Глава 18

Первое сентября пришлось на воскресенье, но лично мне было не до отдыха: пришлось заниматься одним не самым приятным делом. Причем оно было неприятным для всех причастных: Анин муж перешел на работу как раз в МИФИ, а квартира-то им была выделена от МВТУ и как бы в МВТУшном доме. И — в строгом соответствии с правилами — им было «предложено освободить помещение». Причем даже в профкоме Технилища понимали, что это не просто неправильно, но и вообще безобразие, издевательство над людьми и попрание всех норм «коммунистического общежития» — не в смысле «общаги», а в смысле моральных норм жизни общества. Однако и там ничего поделать не могли: правила есть правила…

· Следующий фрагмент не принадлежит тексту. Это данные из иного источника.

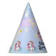 Baby Unicorn cardboard party hats are the perfect accessory to add magic and color to any children's celebration. Designed in a cone shape with a stars, and sparkly details that bring the fantasy of unicorns to life. Made from sturdy, cardboard, They're ideal for birthdays, themed parties, or fun photo shoots.
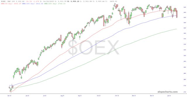 For the bears, things are looking more encouraging elsewhere. The S&P 100 has slumped to its 100-day EMA three times in the past few weeks, and if it stays weak like this, I can picture the 50-day cutting under the 100-day. As you can see, this index hasn’t made any net progress for literally months.
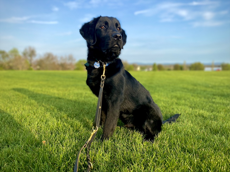 Liberty, a five-month-old black Labrador/golden retriever cross, is sitting upright in a freshly mowed grassy field on a spring day. In the distance are newly leafing trees and a beautiful robin's egg blue sky scattered with wispy white clouds. Liberty is sitting with his body facing left, his head held high and turned slightly to the right, and his chocolate eyes focusing intently on something in his view. His nostrils flare with excitement but he is a good boy to stay sitting, calm and in control. His blue bone-shaped name tag stands out on his shiny ebony coat. A rather proud and regal looking fellow.
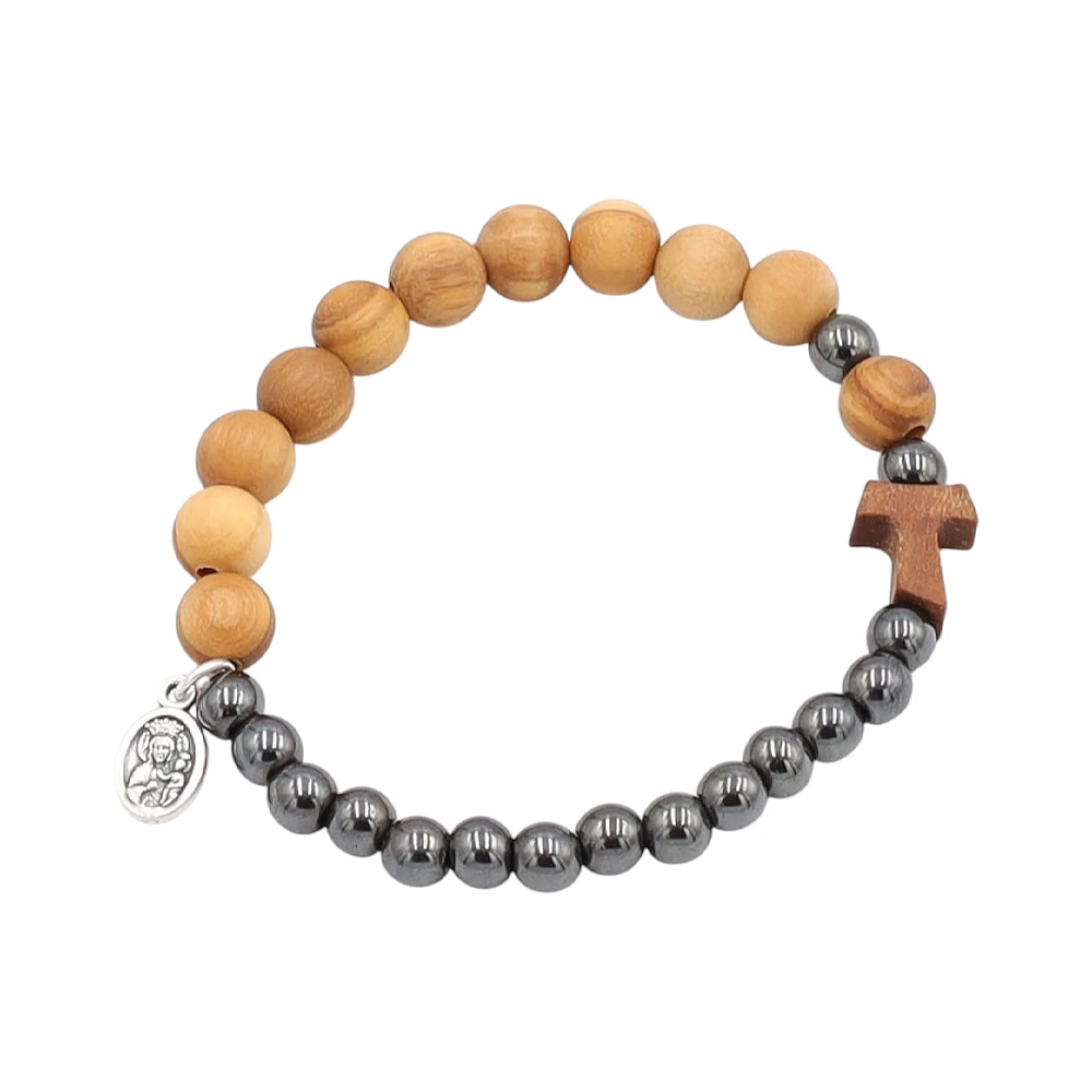 Bransoletka wykonana z drewna oliwnego i hematytu z krzyżem to symbol wiary, który idealnie nadaje się do codziennego noszenia.
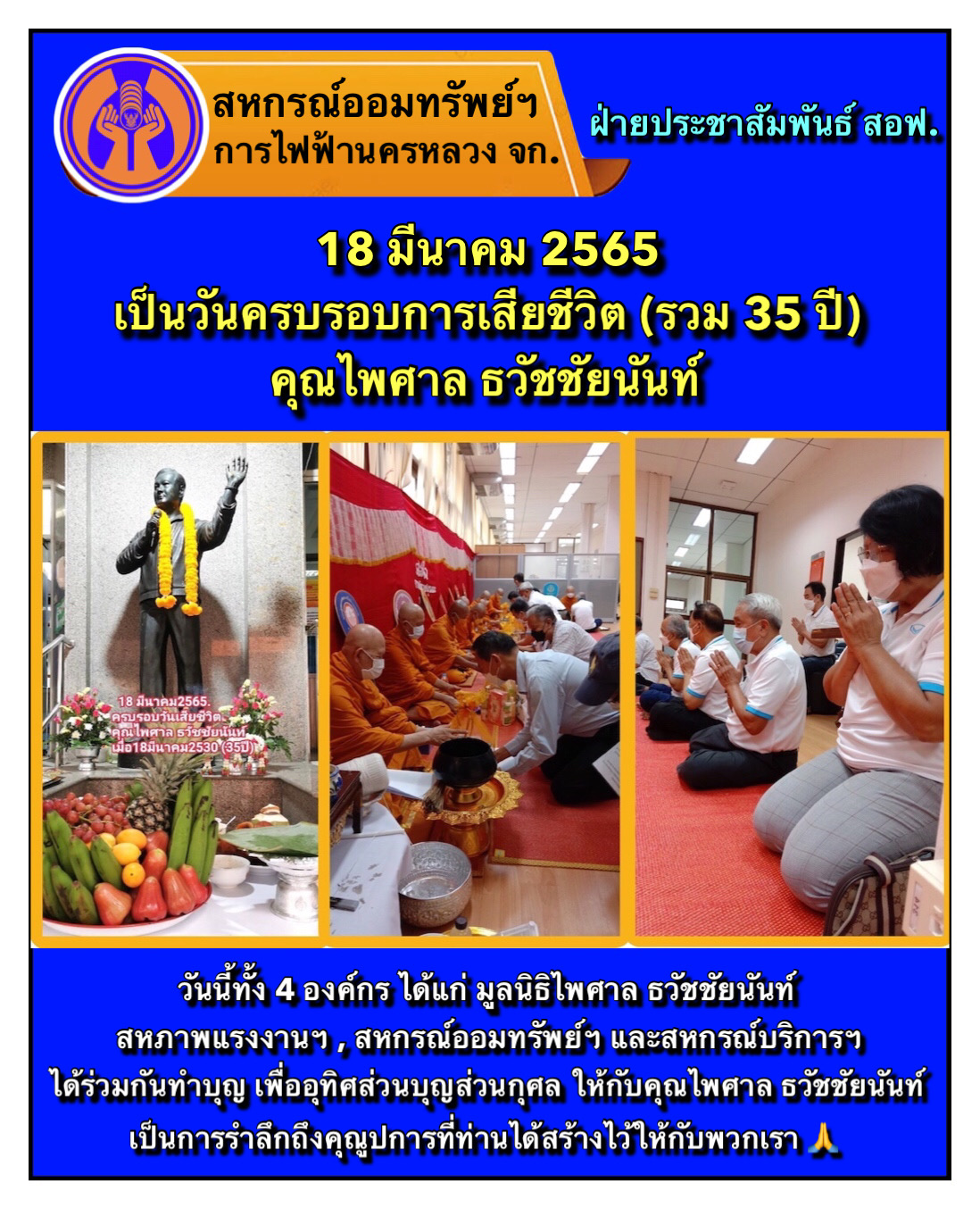 วันนี้ (18 มี.ค. 65) ทั้ง 4 องค์กร ได้แก่ มูลนิธิไพศาล ธวัชชัยนันท์ สหภาพแรงงานฯ , สหกรณ์ออมทรัพย์ฯ และสหกรณ์บริการฯ ได้ร่วมกันทำบุญ เพื่ออุทิศส่วนบุญส่วนกุศล ให้กับคุณไพศาล ธวัชชัยนันท์ เป็นการรำลึกถ
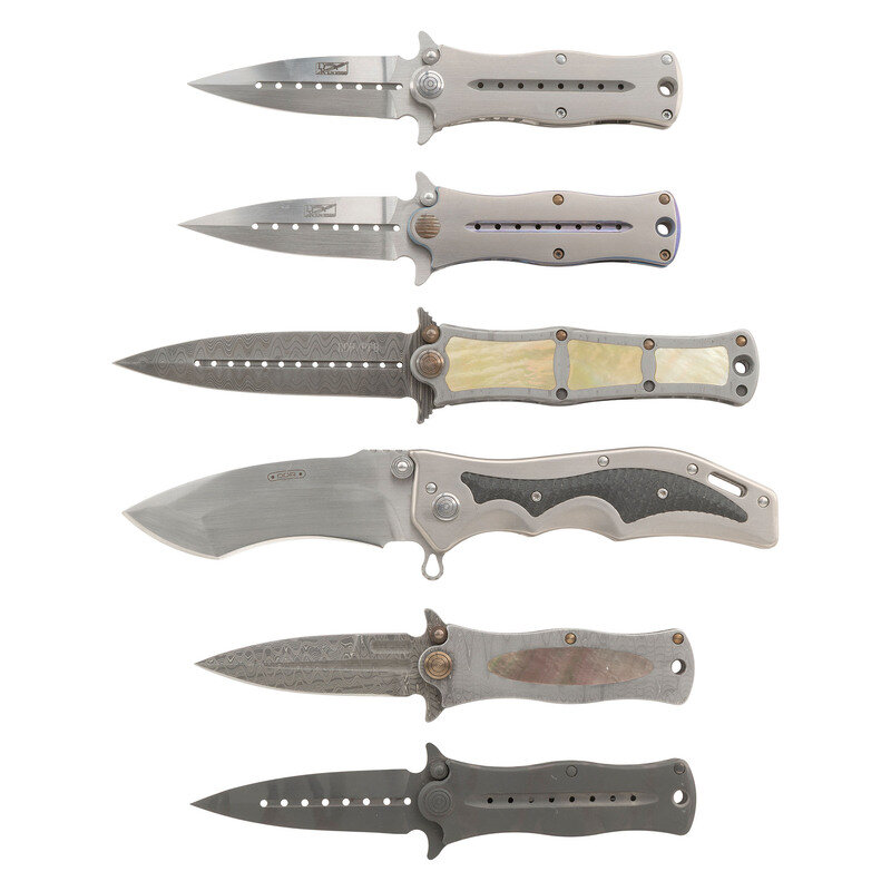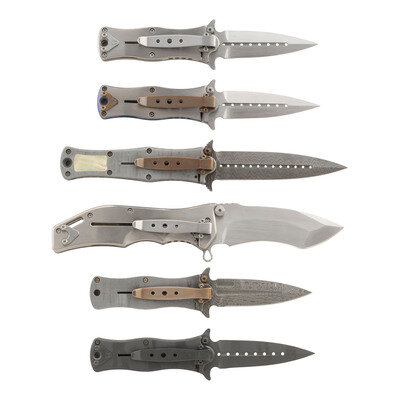 3) Darrel Ralph Designs assisted opening folding knife marked DDR/RPB on the obverse of the blade. 4" single edged Damascus patterned spear point dagger blade with thirteen holes in the central fuller and a 1.25" false edge. 8.625" in overall length. Liner lock design, with removable and reversible belt clip and mother of pearl grip inserts.
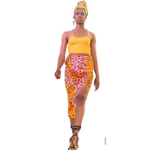 It can be worn with Long Sleeve Body hug Top and sandals or high heels.
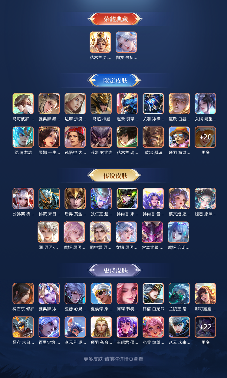 皮肤数: 260 荣耀水晶: 九霄神辉,最初的交响 无双皮: 真我赫兹(瑶),小乔时之魔女,雪境奇遇-甄姬,器灵·螭龙剑 珍品传说: 时之奇旅-孙策,器灵·落星盏 传说皮: 黄金射手座,冠军飞将,云鹰飞将,炽阳神光,末日机甲-孙尚香,地狱之眼,乞巧织情,超时空战士-狄仁杰,末日机甲-孙策,音你闪耀,燃星之曲,幻光神枪,千劫归真 限定皮: 冰锋战神,李小龙,祈雪灵祝,梁祝,引擎之心,烈魂,神威,逐梦之音,青春决赛季,逐梦之光,青龙志,瑞麟志,玄武志,一生所爱,大圣娶亲,默契交锋-花木兰,高山流水,猪悟能,怒海麟威,山海·玄木吟,冰霜神祇,鸣野蒿,愿照·千秋盛,愿照·众生和,愿照·山河定,愿照·岁时盈,愿照·福禄聚,愿照·九州拓
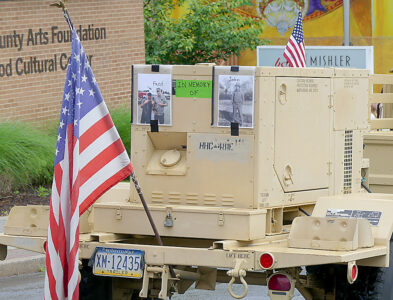 A military vehicle taking part in the Memorial Day parade pays special tribute to two veterans as it moves along 12th Avenue in Altoona on Monday. Mirror photo by Conner Goetz
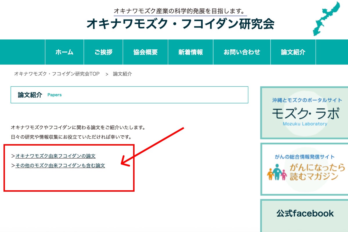 オキナワモズク・フコイダン研究会のホームページでは、オキナワモズクやフコイダンに関する論文を読むことができます。
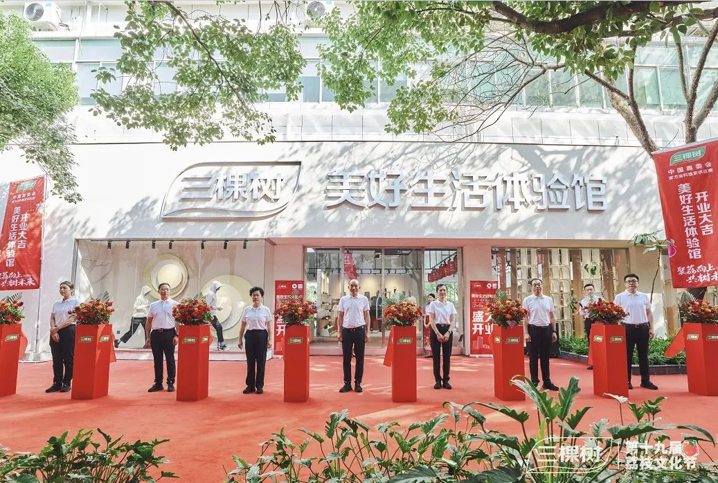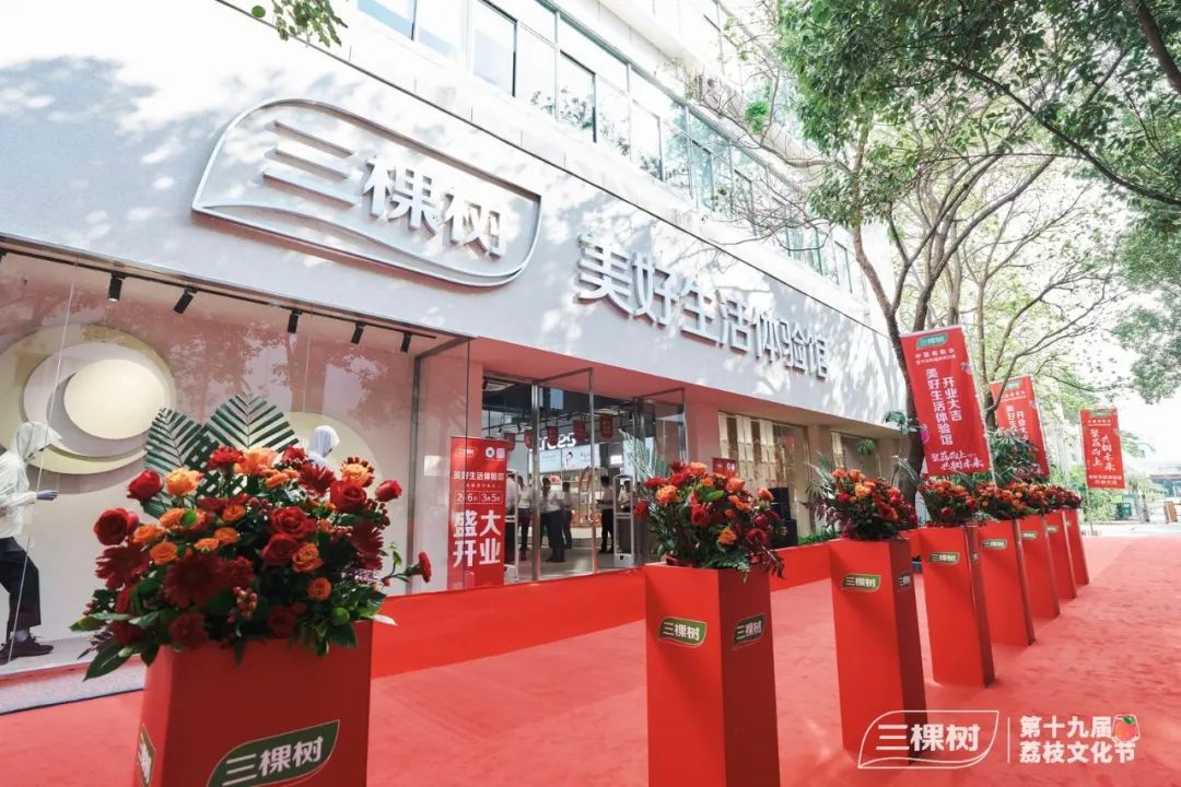 共树未来,共享美好。7月16日,三棵树美好生活体验馆在第十九届荔枝文化节期间隆重开业。作为三棵树美好生活周边的首家线下实体店和品牌文化展示空间,美好生活体验馆以满足人民日益增长的美好生活需要为出发点和落脚点,通过提供绿色高品质产品和感动服务,传递健康、自然、美好的品牌理念,把人们对美好生活的向往照进现实。三棵树董事长兼总裁洪杰及夫人,副总裁徐荔芳、方国钦、朱奇峰、崔景焘共同出席开业剪彩仪式。
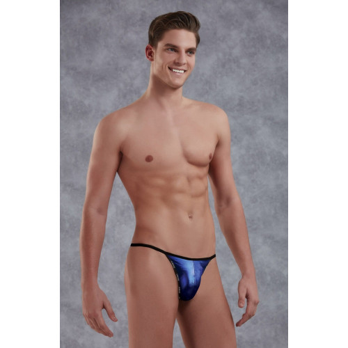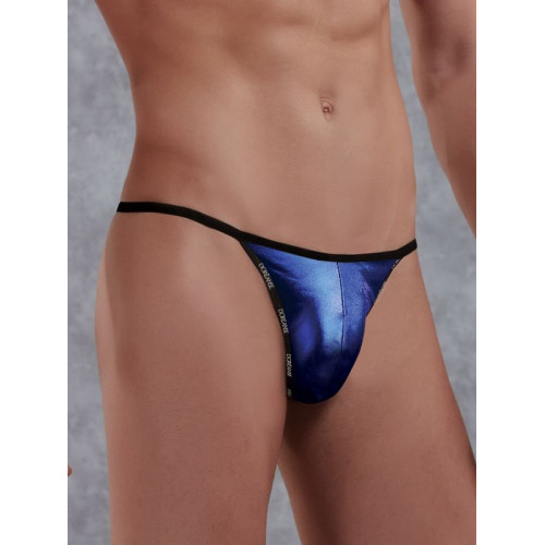Мужские стринги-ниточки роскошного синего цвета с глянцевым блеском от Doreanse.

Правила существуют вовсе не для того, чтобы их нарушать — иначе вообще бардак начнется. Но если правила портят людям жизнь, то их просто нужно поменять. В воскресенье мне удалось дозвониться до товарища Малышева, он не поленился и позвонил председателю профкома в МВТУ, сказал, чтобы они «временно приостановили выселение семьи с двумя детьми до уточнения ситуации», примерно до ноябрьских праздников чтобы приостановили. А уже в понедельник вышло постановление Президиума Верховного Совета с разъяснениями по поводу правил предоставления жилья. И разъяснения эти касались опубликованного в «Известиях» нового закона, в котором говорилось, что отныне и вовеки (за редкими исключениями, см. Приложение 1) жилье в городах, поселках городского типа и в сельских населенных пунктах работникам государственных предприятий предоставляется государством в бесплатную пожизненную аренду, а «госарендаторы» обязаны всего лишь вовремя платить за коммунальные услуги, содержать помещение в исправном состоянии, соблюдать правила поведения и так далее. А в перечне исключений указывалось лишь служебное жилье для дворников, временное жилье в нежилых по основному профилю зданиях (вроде квартир директорам школ в здании самих школ), а так же жилье в военных гарнизонах, предоставляемое как военным, так и гражданским служащим на время службы или работы в этих гарнизонах.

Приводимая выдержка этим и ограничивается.